- [Aim of the task]: Exactly reproduce the lines from the one holding "4、进入新关卡后,瞄准场景中" through the end of the records, including both boundary lines but no pictures.

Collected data
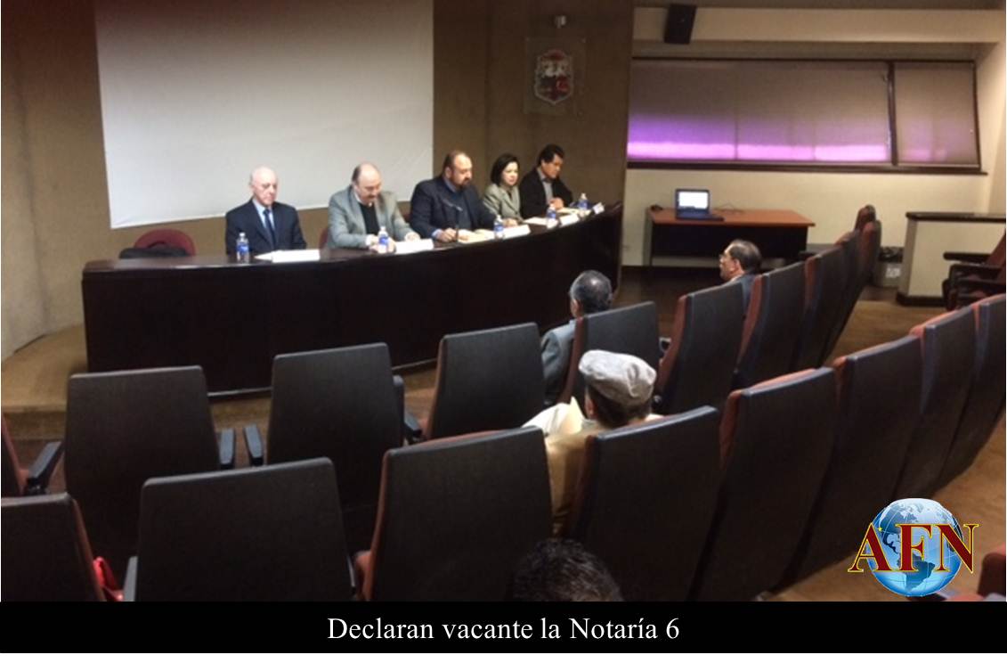 MEXICALI BC 1 DE DICIEMBRE DE 2015 (AFN).- El sínodo integrado por dos magistrados del Tribunal Superior de Justicia del Estado (TSJE), dos miembros del Colegio de Notarios y un representante del Poder Ejecutivo, determinaron anoche declarar desierta la vacante correspondiente a la titularidad de la Notaría 6 de Mexicali.
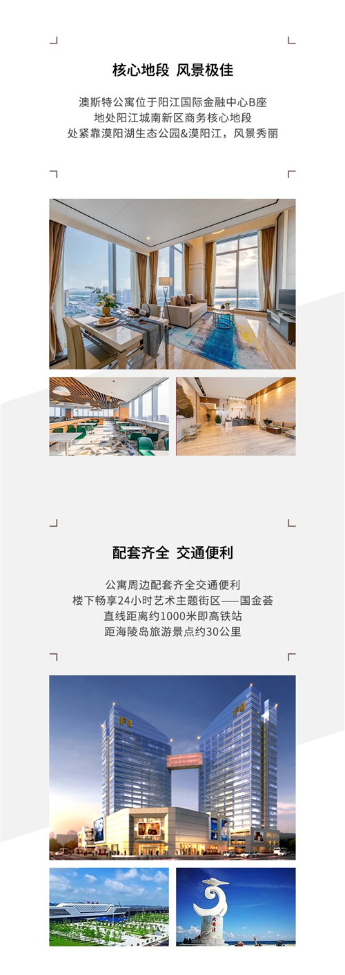 广东阳江国际金融中心朋来澳斯特公寓作为雅阁酒店集团旗下管理公寓,其依托于阳江国际金融中心这个大靠山,尽享金融中心设施设备完善及便利之处。公寓外墙是全幕墙low-e中空玻璃采光,既可降低照明能耗,又显得外墙高端大气。
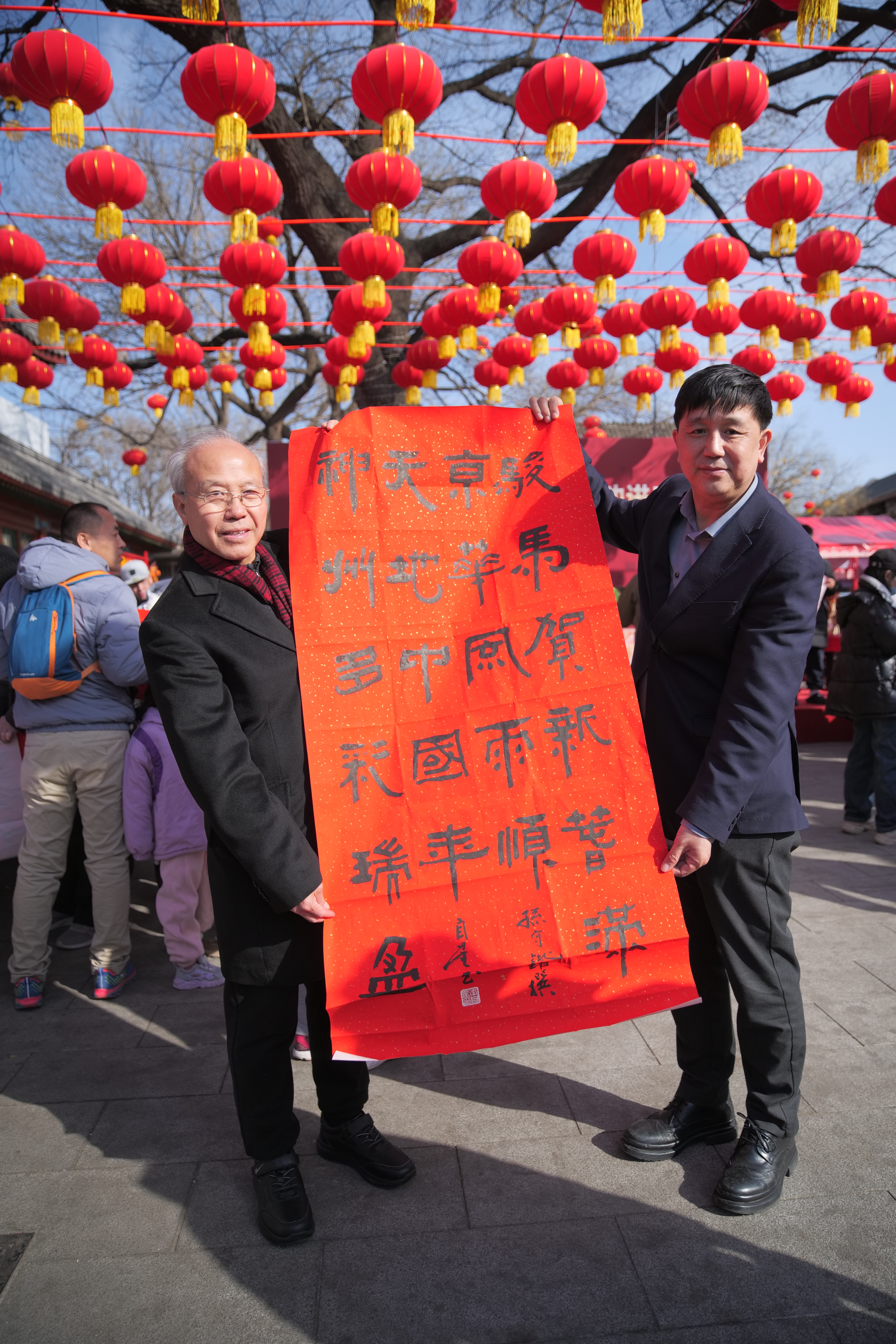 一旁的春联书写区更是暖意融融,刘俊京、程度、高风、王文英、王春山、杨东方、吕学良、丁屯屯、张志刚、关奇伟、王哲等10余位书法家参与其中,他们以笔为媒,将新春祝福与“新时代、新北京、新风尚”的时代内涵融入笔墨,楷隶行草各显神韵,一幅幅笔墨精湛、寓意吉祥的春联跃然纸上,引得群众纷纷驻足围观、排队求联。“春风浩荡展宏图,骏马奔腾开景运”,聂晓盈今年70岁了,他特意让书法家写了一副春联,“我外孙今年参加中考,希望他在新的一年积极努力,取得优异成绩。”
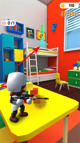 4、进入新关卡后,瞄准场景中的目如房间内的剪影,继续通过射击操作完成任务,持续推进关卡并积累奖励。
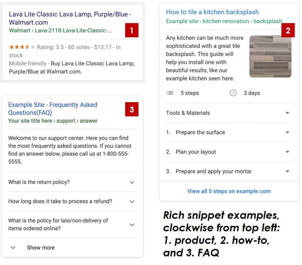This is a great time to go after rich snippets to make the rankings you already have more eye catching, and encourage clickthrough from the search results page to your site. Focus on your title tags, meta descriptions, and structured data. Google and Bing offer dozens of ways to optimize your content in ways that will earn you a rich snippet like the ones below.
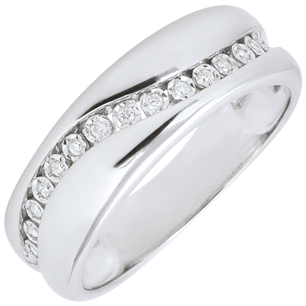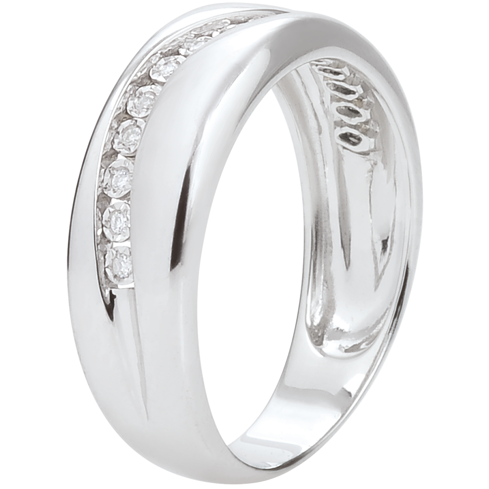 Obrączka z białego złota poprzecinana harmonijną krzywizną ozdobioną 15 diamentami. Pierścionek można nosić jako nowoczesną obrączkę lub wyjątkowy pierścionek.

- [Completed exercise]:
 4、进入新关卡后,瞄准场景中的目如房间内的剪影,继续通过射击操作完成任务,持续推进关卡并积累奖励。
This is a great time to go after rich snippets to make the rankings you already have more eye catching, and encourage clickthrough from the search results page to your site. Focus on your title tags, meta descriptions, and structured data. Google and Bing offer dozens of ways to optimize your content in ways that will earn you a rich snippet like the ones below.
 Obrączka z białego złota poprzecinana harmonijną krzywizną ozdobioną 15 diamentami. Pierścionek można nosić jako nowoczesną obrączkę lub wyjątkowy pierścionek.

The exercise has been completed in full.